> [RAW DATA]
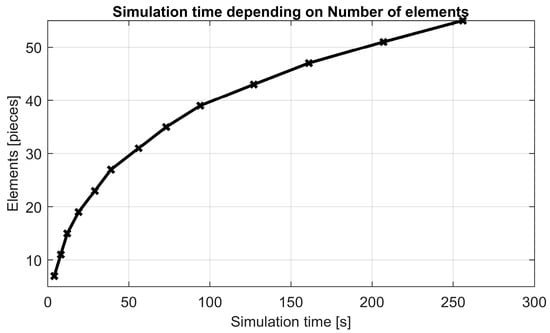 The examples are divided into models that differ in their types of nodes and bars. The aim was to assess their influence on static analysis and the visualization of deformation. The models constructed from Euler–Bernoulli beams or from solid bars with one degree of freedom (1 DOF) and joints delivered the best results when compared with the theoretical model, as shown in Table 1, Table 2 and Table 3. However, it should be noted that models with solid bars and one DOF are generally unsuitable for dynamic simulations due to the non-uniform distribution of mass elements along the length of the bar. Models using locked joints may, in some cases (such as welded joints), reflect physical reality, but they show lower agreement with the theoretical model. This discrepancy arises because the direction of internal forces in the bars changes during deformation, a behavior that conventional joints can accommodate. For visualizing deformation, physical structures composed of copper elements were deliberately created due to copper’s excellent ductility (see Figure 17d and Figure 18d). These structures were deformed between two holding plates to prevent undesired buckling along the z–axis. Models 1.3 and 2.3 (see Figure 17c and Figure 18c) exhibited the fastest computations and provided a good approximation of the deformed shape. The time required for the calculation depends on the number of system elements. See Figure 22.
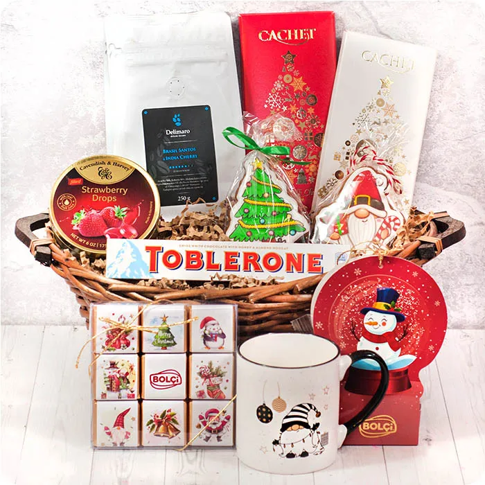 Jest Taki Dzień to wyjątkowy koszyk prezentowy, stworzony, aby uczynić każdą chwilę wyjątkową. Ten zestaw, pełen delikatności, słodyczy i radości, przywołuje uśmiech na twarzach i tworzy atmosferę magicznych chwil.W zestawie znajdziemy:Świąteczny kubek - początek tego magicznego zestawu to kubek ze skrzatem, który dodaje uroku i świątecznego nastroju do każdej porannej herbaty czy wieczornej kawy. Czekoladki Bolci - Czekoladki Bolci w formie świątecznych kafelków to nie tylko doskonała słodycz, ale również dzieło sztuki cukierniczej. Każdy kawałek to rozkosz dla podniebienia i festiwal smaków.Dwie czekolady Cachet z choinką - czekolady mleczne ozdobione choinką na opakowaniu to nie tylko pyszne łakocie, ale także ozdoba, która wprawi w świąteczny nastrój. To smaczny sposób na świętowanie magicznego dnia.Landrynki Cavendish - landrynki truskawkowe to kolorowy dodatek, który rozkwita słodyczą na podniebieniu.Małe Czekoladki Bolci - małe czekoladki ze świątecznymi obrazkami na opakowaniu to słodki akcent, który przywołuje atmosferę świąt.Kawa sypana Delimaro - aromatyczna kawa sypana to doskonały dodatek dla miłośników tego trunku. Zapach świeżo parzonej kawy dodaje energii i przyjemności do każdego momentu.Czekolada Toblerone Weiss - szwajcarska czekolada to wyjątkowy smak, którym można rozkoszować się w dowolnym miejscu i czasie. Klasyczny trójkątny kształt to symbol jakości i niezapomnianego smaku.Jest Taki Dzień to nie tylko zestaw prezentowy, to zbiór małych przyjemności, które sprawią, że każdy dzień stanie się wyjątkowy. Niech aromat kawy, słodycze i urok świątecznych ozdób otulą Ciebie lub obdarowanego tętniącą radością.Zobacz więcej podobnych produktów tutaj: BOŻE NARODZENIEPoczta Kwiatowa® Zamówienia opłacone do godziny 17:00 doręczymy następnego dnia roboczego. Zamówienia na terenie Warszawy doręczamy tego samego dnia po potwierdzeniu telefonicznym. Do wybranych miejscowości doręczamy prezenty także w sobotę.Dostępność: Cały rok
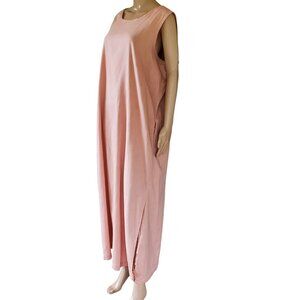 DRESS: Sleeveless · Maxi, Long · Bust Darts · Pockets · Side Vents · Two Extra Buttons (One Clear) · Decorative Tabs with Buttons on Back · Approximate Measurements: Shoulder to Shoulder 16", Chest 46", Waist 48", Hip 52", Length 53", Arm Opening 24"
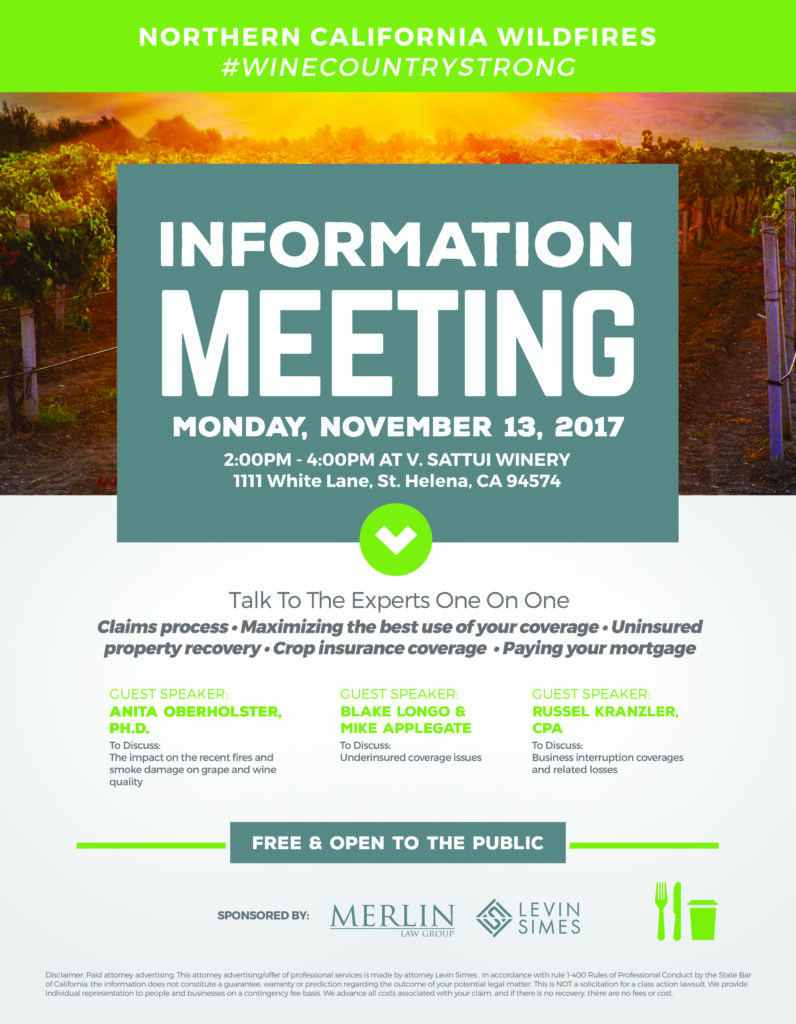 The issues facing wineries affected by the recent fires are complex. From coverage issues related to crop insurance, building damage, loss of business income, and loss of business personal property, Merlin Law Group and Levin Simes have teamed up and are offering a free Information Meeting on Monday, November 13, 2017 from 2:00-4:00p.m. at V. Sattui Winery in St. Helena, California, to answer questions wineries may have regarding their insurance claims.

> [EXERCISE REQUIREMENTS] The whole listing must come back verbatim, with no pictures included.

> [EXERCISE OUTPUT]
 The examples are divided into models that differ in their types of nodes and bars. The aim was to assess their influence on static analysis and the visualization of deformation. The models constructed from Euler–Bernoulli beams or from solid bars with one degree of freedom (1 DOF) and joints delivered the best results when compared with the theoretical model, as shown in Table 1, Table 2 and Table 3. However, it should be noted that models with solid bars and one DOF are generally unsuitable for dynamic simulations due to the non-uniform distribution of mass elements along the length of the bar. Models using locked joints may, in some cases (such as welded joints), reflect physical reality, but they show lower agreement with the theoretical model. This discrepancy arises because the direction of internal forces in the bars changes during deformation, a behavior that conventional joints can accommodate. For visualizing deformation, physical structures composed of copper elements were deliberately created due to copper’s excellent ductility (see Figure 17d and Figure 18d). These structures were deformed between two holding plates to prevent undesired buckling along the z–axis. Models 1.3 and 2.3 (see Figure 17c and Figure 18c) exhibited the fastest computations and provided a good approximation of the deformed shape. The time required for the calculation depends on the number of system elements. See Figure 22.
 Jest Taki Dzień to wyjątkowy koszyk prezentowy, stworzony, aby uczynić każdą chwilę wyjątkową. Ten zestaw, pełen delikatności, słodyczy i radości, przywołuje uśmiech na twarzach i tworzy atmosferę magicznych chwil.W zestawie znajdziemy:Świąteczny kubek - początek tego magicznego zestawu to kubek ze skrzatem, który dodaje uroku i świątecznego nastroju do każdej porannej herbaty czy wieczornej kawy. Czekoladki Bolci - Czekoladki Bolci w formie świątecznych kafelków to nie tylko doskonała słodycz, ale również dzieło sztuki cukierniczej. Każdy kawałek to rozkosz dla podniebienia i festiwal smaków.Dwie czekolady Cachet z choinką - czekolady mleczne ozdobione choinką na opakowaniu to nie tylko pyszne łakocie, ale także ozdoba, która wprawi w świąteczny nastrój. To smaczny sposób na świętowanie magicznego dnia.Landrynki Cavendish - landrynki truskawkowe to kolorowy dodatek, który rozkwita słodyczą na podniebieniu.Małe Czekoladki Bolci - małe czekoladki ze świątecznymi obrazkami na opakowaniu to słodki akcent, który przywołuje atmosferę świąt.Kawa sypana Delimaro - aromatyczna kawa sypana to doskonały dodatek dla miłośników tego trunku. Zapach świeżo parzonej kawy dodaje energii i przyjemności do każdego momentu.Czekolada Toblerone Weiss - szwajcarska czekolada to wyjątkowy smak, którym można rozkoszować się w dowolnym miejscu i czasie. Klasyczny trójkątny kształt to symbol jakości i niezapomnianego smaku.Jest Taki Dzień to nie tylko zestaw prezentowy, to zbiór małych przyjemności, które sprawią, że każdy dzień stanie się wyjątkowy. Niech aromat kawy, słodycze i urok świątecznych ozdób otulą Ciebie lub obdarowanego tętniącą radością.Zobacz więcej podobnych produktów tutaj: BOŻE NARODZENIEPoczta Kwiatowa® Zamówienia opłacone do godziny 17:00 doręczymy następnego dnia roboczego. Zamówienia na terenie Warszawy doręczamy tego samego dnia po potwierdzeniu telefonicznym. Do wybranych miejscowości doręczamy prezenty także w sobotę.Dostępność: Cały rok
 DRESS: Sleeveless · Maxi, Long · Bust Darts · Pockets · Side Vents · Two Extra Buttons (One Clear) · Decorative Tabs with Buttons on Back · Approximate Measurements: Shoulder to Shoulder 16", Chest 46", Waist 48", Hip 52", Length 53", Arm Opening 24"
 The issues facing wineries affected by the recent fires are complex. From coverage issues related to crop insurance, building damage, loss of business income, and loss of business personal property, Merlin Law Group and Levin Simes have teamed up and are offering a free Information Meeting on Monday, November 13, 2017 from 2:00-4:00p.m. at V. Sattui Winery in St. Helena, California, to answer questions wineries may have regarding their insurance claims.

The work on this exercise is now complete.